Background technique
LIBS is the abbreviation of Laser-Induced Breakdown Spectroscopy (laser induced breakdown spectroscopy), is swashed
Photoinduction breakdown plasma light spectral technology is to generate transient state plasma by the laser excitation measured matter of high power density,
The characteristic spectrum that plasma is emitted is detected and analyzes, to reach the identification to material element, classification and qualitative, quantitative point
Analysis.LIBS spectral analysis technique is in situ with it, the outstanding advantages such as detects simultaneously in real time, without sample pretreatment and multielement, gives
Material element analysis field brings great convenience, it can also be used to the trace element analysis under some exceptional conditions.

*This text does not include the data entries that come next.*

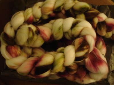 Yesterday I finished plying the Spunky Club corriedale in New Day. This stuff is hanging to dry, and should be all done by the time I get back from morning yoga today.
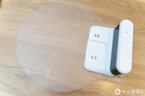 充电底座和防潮垫全体的样子,如果底座放置的地方为木地板,用了防潮垫可以防止木地板长期与水接触发霉等。
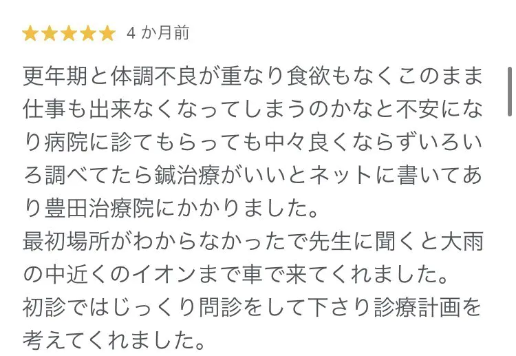 そのため、症状の改善だけでなく、再発を防ぎやすい体質づくりや、生活の中で実践できるセルフケアもお伝えしています。
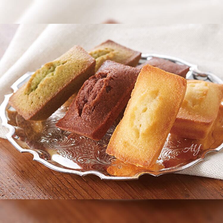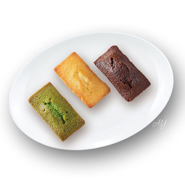 チョコレート・抹茶・プレーンの3風味。 香ばしいアーモンドと、フィナンシェ独特の焦がしバターの苦みを、とっても美味しいプチフィナンシェに仕上げました。
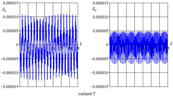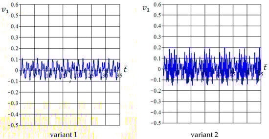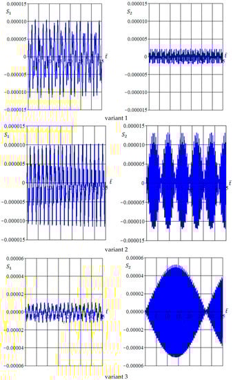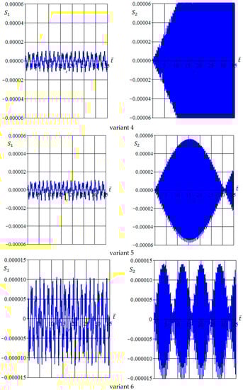 In general, one can note that the interaction between eigen and forced vibrations leads to two oscillation types having short () and long () dimensionless periods. Thus, all considered variants can be divided into two cases. Case I includes variants 1 and 6, for which , and case II includes variants 2–5, for which .
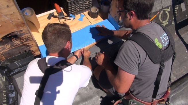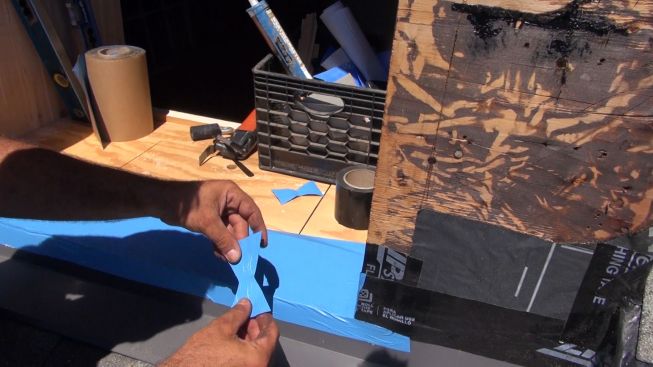 Holding the two pieces in position, Pollard temporarily stuck them together with a piece of tape across the face. Then he flipped the pair over and taped the seam on the back. In service, the hidden tape joint serves the same function as solder in a soldered copper flashing. Removing the temporary tape from the front, Pollard slid the flashing under the shingles against the dormer cheek and face, blind-nailing it to the roof (where roofing shingles would cover the nails) and to the dormer cheek (where housewrap and siding would cover the nails).
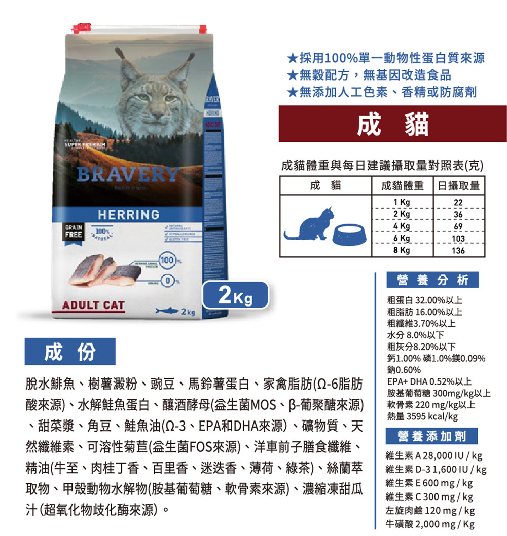 【西班牙 Bravery】總代理-焙菲力 健康食糧 (節育成貓)-(鯡)魚
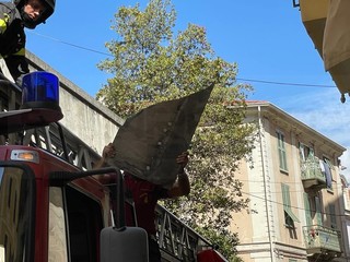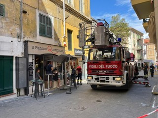 Sanremo: crollano pezzi di cornicione in via Palazzo, intervento dei Vigili del Fuoco che chiudono la strada (Foto)
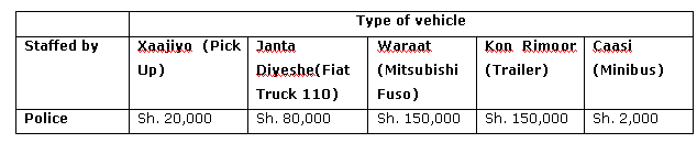 This roadblock, known as Ex-Control, is about 7 km from Mogadishu. It used to belong to a militia loyal to Osman Atto, a former warlord who is currently a Member of Parliament of the Transitional Federal Government. Now the Police manage this roadblock. Ironically, the commander of the Police Force is Abdi Qeybdiid, who is a former warlord and an archenemy of Osman Atto. This roadblock is manned by 20 to 25 policemen equipped with light weapons. There are also Ethiopian troops nearby as the roadblock is situated between two Ethiopian army positions, one in KM6 and the other in the Correctional Division’s former headquarters. The following table shows how much a vehicle is charged every time it passes the roadblock. The exchange rate at the time of writing 1USD (one US Dollar) equals 21,000 Somali Shilling.

LIBS technology at this stage, no LIBS technology relevant report for realizing rotary scanning detection;Existing rotary scanning dress
Set mostly whole system unitary rotation;Though there is spectral technique that can test scanning probe, automatically controlled optical vibrating mirror is mostly used to realize, this
Invention is to rotate to realize by optical device;It is now based on the scanning analysis of LIBS technology, is nearly all using point-by-point matrix form
Detection when scanning probe large-scale for large scale, there is certain limitation.
Summary of the invention
Present invention seek to address that the above problem, provides a kind of rotary scanning type element detection dress based on LIBS technology
It sets, can be realized 360 ° of scannings of Elemental redistribution;Elements distribution feature under achievable different scanning radius;It overcomes existing
Using the limitation of point-by-point matrix form detection in technology, and the scanning probe for being suitable for wide scope large scale is analyzed;What it was used
Technical solution is as follows:
A kind of rotary scanning type element detection device based on LIBS technology, including reflecting mirror, dichroscope, prism,
First lens and the second lens, the reflecting mirror, dichroscope and prism are arranged successively distribution, the prism from bottom to top
On rotating platform, first lens are connected with prism, and horizontally arranged with prism;Laser beam passes through reflecting mirror
Dichroscope is reflexed to, reflexes to the first lens through dichroscope to prism and through prism, second lens are horizontal
Be distributed in dichroscope side, the signal of plasma emits rays pass through lens to prism, through prism reflex to two to
Look mirror reflexes to the second lens by dichroscope, and is coupled in spectrometer through the second lens focus.
Based on the above technical solution, first lens do horizontal reciprocating movement relative to prism.
Based on the above technical solution, the reflecting mirror and dichroscope are opposing stationary.
Based on the above technical solution, the prism and reflecting mirror and dichroscope relative motion.
Based on the above technical solution, second lens and dichroscope are opposing stationary;
Based on the above technical solution, further include humidifier for simulating varying environment.
The invention has the benefit that its 360 ° of scanning that can be realized Elemental redistribution;Under achievable different scanning radius
Elements distribution feature;It overcomes in the prior art using the limitation of point-by-point matrix form detection, and is suitable for the big ruler of wide scope
The scanning probe of degree is analyzed.
Detailed description of the invention
Fig. 1: structural schematic diagram of the invention.
Specific embodiment
Present invention will be further explained below with reference to the attached drawings and examples:
As shown in Figure 1, a kind of rotary scanning type element detection device based on LIBS technology of the present embodiment, including reflection
Mirror 1, dichroscope 2, prism 3, the first lens 4 and the second lens 5, the reflecting mirror 1, dichroscope 2 and prism 3 are under
It is arranged successively distribution upwards, the prism 3 is located on rotating platform 6, and first lens 4 are connected with prism 3, and with three
Prism 3 is horizontally arranged;With rotating platform rotary motion, laser beam reflexes to two by reflecting mirror 1 for first lens and prism
To Look mirror 2, the first lens 4,5 horizontal points of second lens are reflexed to through dichroscope 2 to prism 3 and through prism 3
Be distributed in 2 side of dichroscope, the signal of plasma emits rays pass through lens to prism 3, through prism 3 reflex to two to
Look mirror 2 reflexes to the second lens 5 by dichroscope 2, and is coupled in spectrometer through the focusing of the second lens 5.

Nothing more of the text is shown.